22 декабря, после страшной пытки мнимой казни, когда он ежеминутно ждал конца, он писал брату:

«Я не ныл и не пал духом. Жизнь, везде жизнь, жизнь в нас самих, а не во внешнем… Подле меня будут люди, и быть человеком между людьми и остаться им навсегда… вот в чем жизнь, вот в чем задача ее. Я сознаю это. Эта идея вошла в плоть и кровь мою. Да, правда, та голова, которая создавала, жила высшей жизнью искусства, которая сознавала и свыклась с высшими потребностями духа, та голова уже срезана с плеч моих… Неужели никогда я не возьму пера в руки? Я думаю, через четыре года будет возможность. Боже мой! сколько образов, выжитых, созданных мною, вновь погибнет, угаснет в моей голове или отравой по крови разольется. Да, если нельзя будет писать, я погибну. Лучше пятнадцать лет заключения и перо в руках… Прощай! Теперь отрываюсь от всего, что было мило. Больно покидать это! Больно переломить себя на двое, перервать сердце пополам».

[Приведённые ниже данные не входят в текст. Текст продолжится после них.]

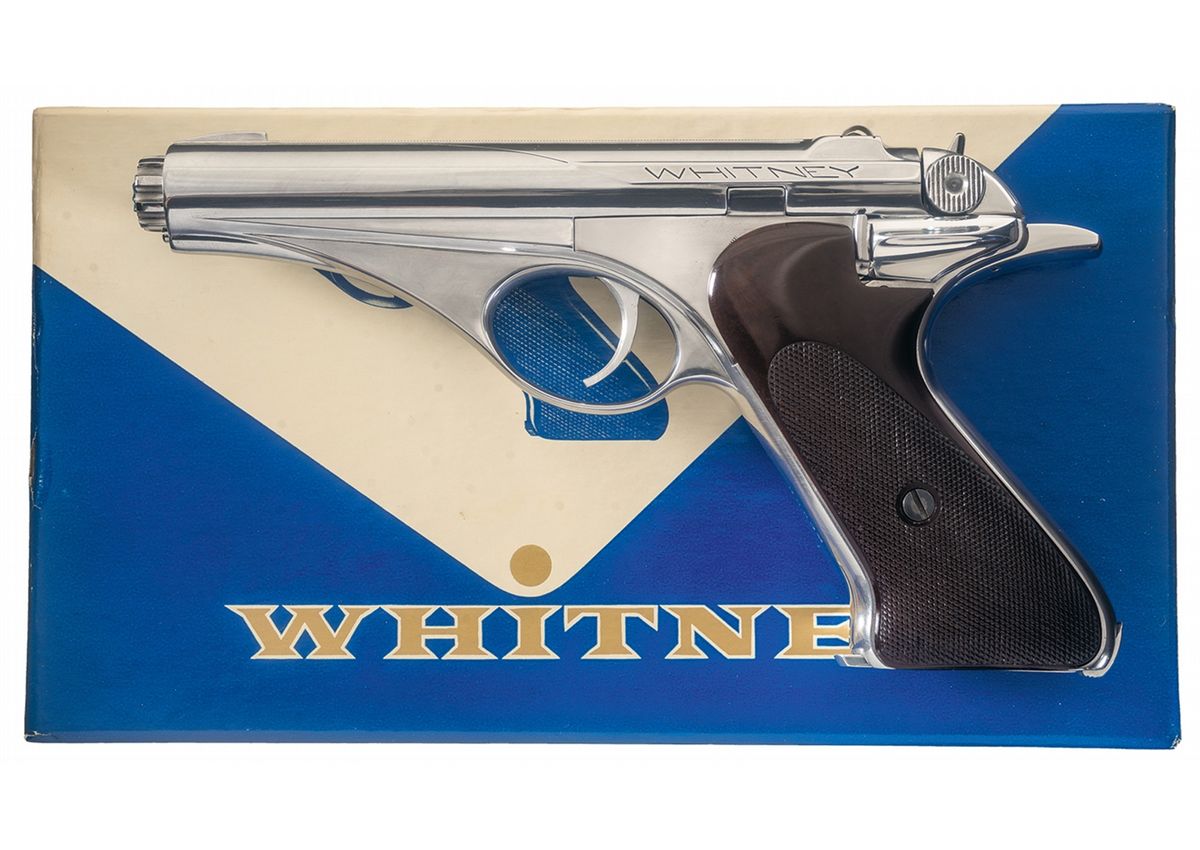 These pistols were manufactured between 1955 and 1962 and had a very futuristic, space age design that utilized a cast aluminum frame in-lieu of the standard steel frames of the day. It was a straight blow-back design, that used a round bolt inside the upper part of the frame, with exposed cocking knobs on the rear of the frame with an exposed hammer. It was fitted with a fixed front and rear sight. The left side of the frame is marked "WHITNEY" and the right side is marked with the address markings. With the original white and blue picture box numbered to the gun, yellow plastic insert, instruction pamphlet and the original warranty card.
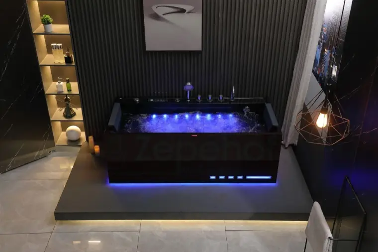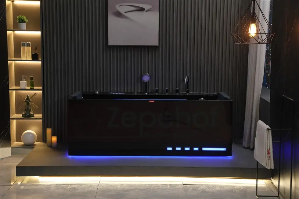 Czarna Wanna z hydromasażem EB-D710 prostokątna 170cmx80cmx60cm z podgrzewaczem+pilot

Через два дня, в сочельник, после прощания с братом, Достоевского заковали в десятифунтовые кандалы и посадили в сани, которые должны были через Ярославль и Нижний Новгород везти государственного преступника за три тысячи верст, в Сибирь на каторгу.

Глава седьмая

Когда в 1854 г. Достоевский оказался в Семипалатинске, он был зрелым, 33-летним мужчиной. На каторге он приобрел значительную власть над своими настроениями или по крайней мере их внешними проявлениями. Прежние черты замкнутости и скрытности усилились, а то, что он называл «отсутствием формы» или манер, приобрело характер резкости и даже диковатости. В нем произошел также и внутренний переворот: он отказался от прежних либеральных идей, которые послужили причиной катастрофы, принял наказание как должное и, придя в соприкосновение с подлинными представителями крестьянской Руси{12}, отрешился от множества прекраснодушных иллюзий о народе. Сильнее, чем когда-либо прежде, ощутил он необходимость веры в Бога, и Христос, страдавший на кресте и искупивший грехи людей своей собственной смертью, сделался для него самым близким и понятным образом человека и символом религии всепрощения и милосердия.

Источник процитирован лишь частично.